3/12/2009 1:16:10 PM

These are just a few thoughts-- and I apologize that they're not well-framed or well-spoken or pleasant to listen to given my frame of mind. I think it's worth wading through that to consider them. Why??? Not because I'm bloody brilliant-- far from it. Because I'm in an interesting position, and one that I'd like to see more people in because it would mean real change is on the way. I'm trying to move from being Mrs. American-- shops almost exclusively at WalMart, spends 10-15% on food, 40-50% on housing (morgage plus maintainance), 20-30% on utilities, about 15% on transportation (purchase plus maintainance plus fuel)-- to being Mrs. Something Better. I have to do it in stages... ...and I have to do it while dealing with a spouse, let's Mr. White-Collar American, who does not see the point of a lot of the transition, and while living with the consequences of choices that were made before or in the early stages of the transition. I'm not asking for understanding for sympathy's sake. "Sympathy" is a word in the dictionary between "shit" and "syphilis". It makes you feel better but gets you nowhere. I'm asking for understanding because there are millions of people in either my current or former position-- struggling to make the change work, or interested in making the change but unwilling to start walking 'cause it seems unsustainable (it's more than just an environmental word; it also means a way of living that people both can and will continue over the long term with, for the most part, the resources at their disposal). I'm asking for solutions. They're not going to come from On High. They're going to come from practical-minded people who care-- in short, people like the MEN readership. Y'all-- and me, too, when I'm not thinking defeatist crap like I am today. I'll be back in a couple of days, and hopefully in a better frame of mind.

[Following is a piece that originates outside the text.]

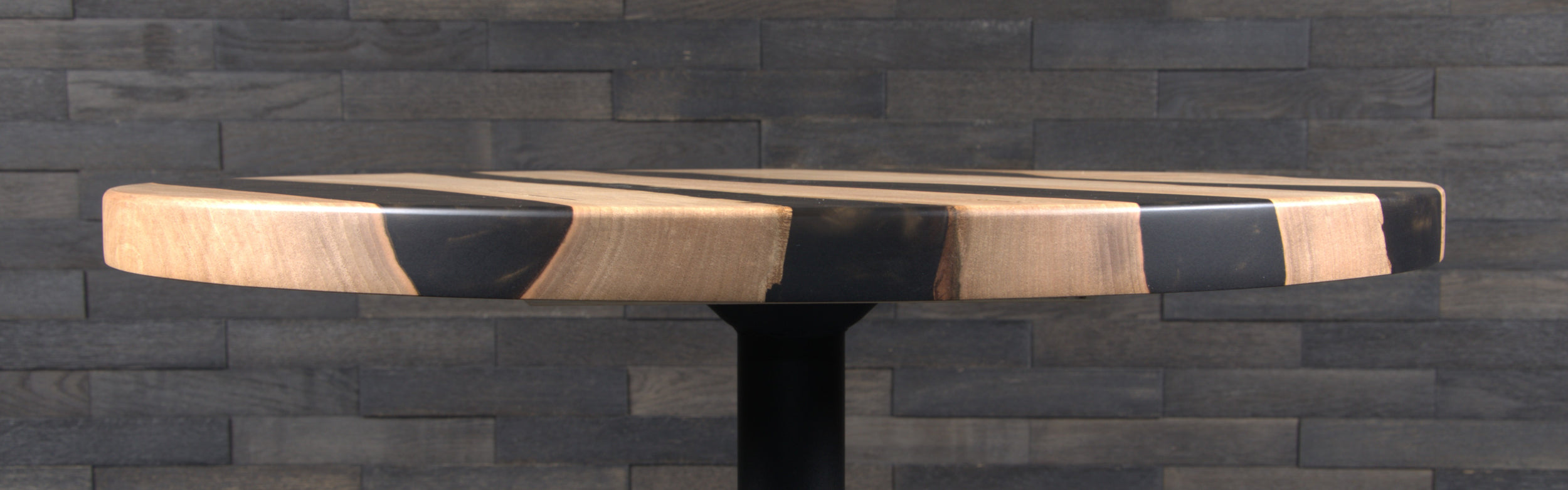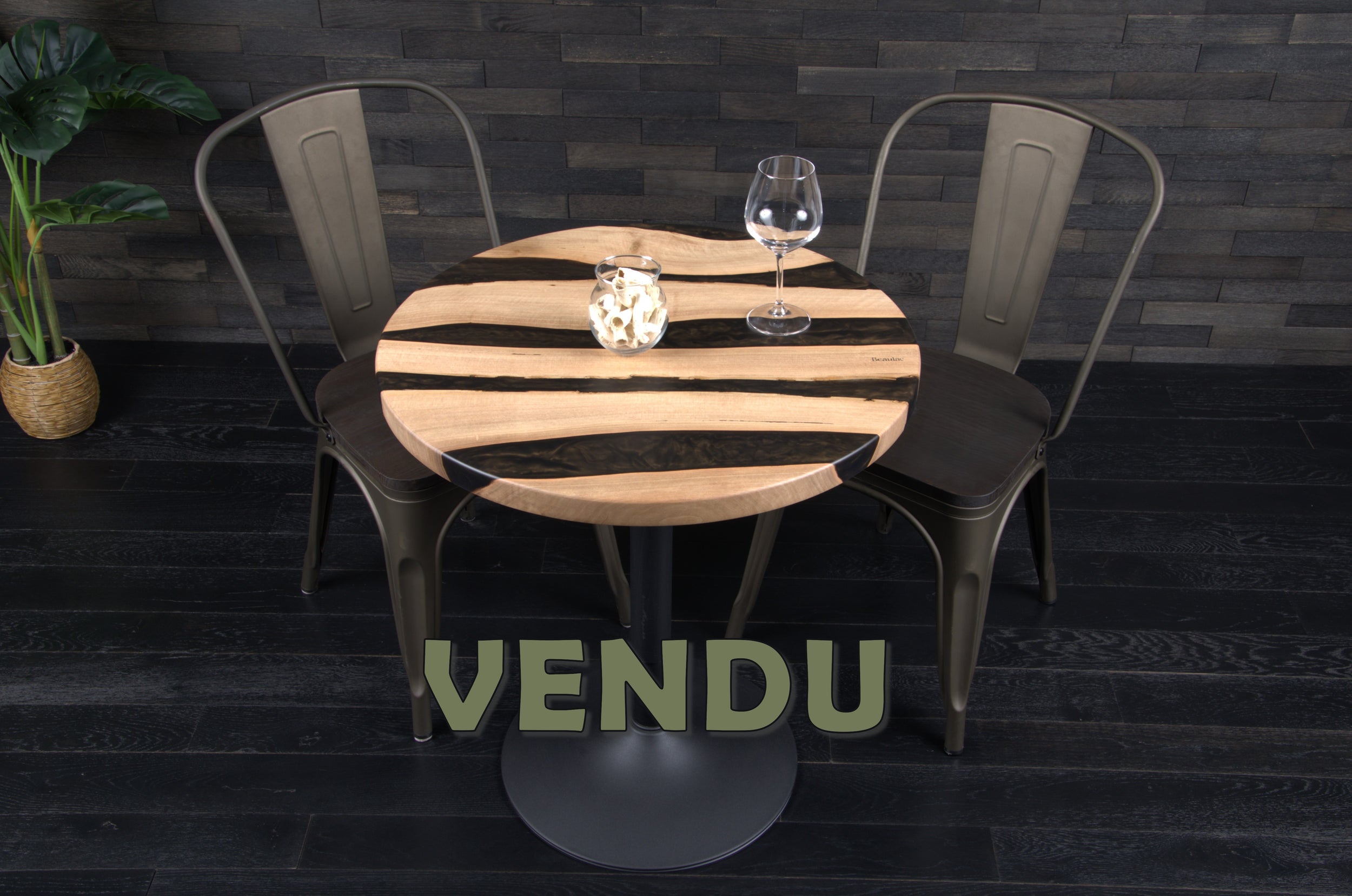 La finition vernis mat vient parfaire l’ensemble, en protégeant la surface tout en valorisant la richesse naturelle du noyer et les nuances de la résine.

I

3/12/2009 12:38:04 PM

With that really depressing thought in mind, some days I wonder if the best we can realistically do is to accept an unethical, inhumane, and fundamenatally unsustainable industry and regulate it-- like this-- heavily and watch it constantly, basically like the criminal it is. I know I'm in a bitter and cynical mood today, and that nothing good is going to come from my hands. Otherwise, I wouldn't be sitting here. But those statements are facts, realities that have to be dealt with, even if the attitude that "this is the best we can do, so deal with it" is not. The next round of disease, and the next, and the next, will bring with it demands that NAIS and et cetera be made mandatory. Eventually those demands will be listened to (and frankly it wouldn't surprise me if "outbreaks" of food-borne illnesses aren't planned for exactly that reason, for the purpose of destroying small competitors and choking out change at the grass-roots level). Write your representative... ...and then get busy doing something useful, like thinking of useful-idiot-proof ways to change current attitudes and behaviors (most of which are stupid, and deeply enculturated, enough to make a conspiracy theorist out of me).

3/12/2009 12:29:57 PM

I'd tend to agree that it would be better, far better, to simply virtually dismantle the factory farm system and revert to local production and processing. But-- is that ever going to be allowed to happen??? We all know who (or what) makes the decisions. There is a great deal of money in the factory agriculture lobby; it is going to end up making a great many of the decisions about agricultural policy. Period. If popular pressure really matters, we can get out the word and stop this mess. Unfortuantely, I suggest that what really matters is $$$$-- both to the McLeadership that is hooked on lobbyists' dollars and to the average American who cannot-- and probably will not-- fathom any other method of putting meat on the table other than the meat case at WalMart (and, having budgeted no more than about 12% of income for food because they were taught to do so, would, at the end of the day, rather have the illusion that the relatively cheap factory burger is safe than pay twice as much for the "same" product produced in a manner that is both safer and more sustainable).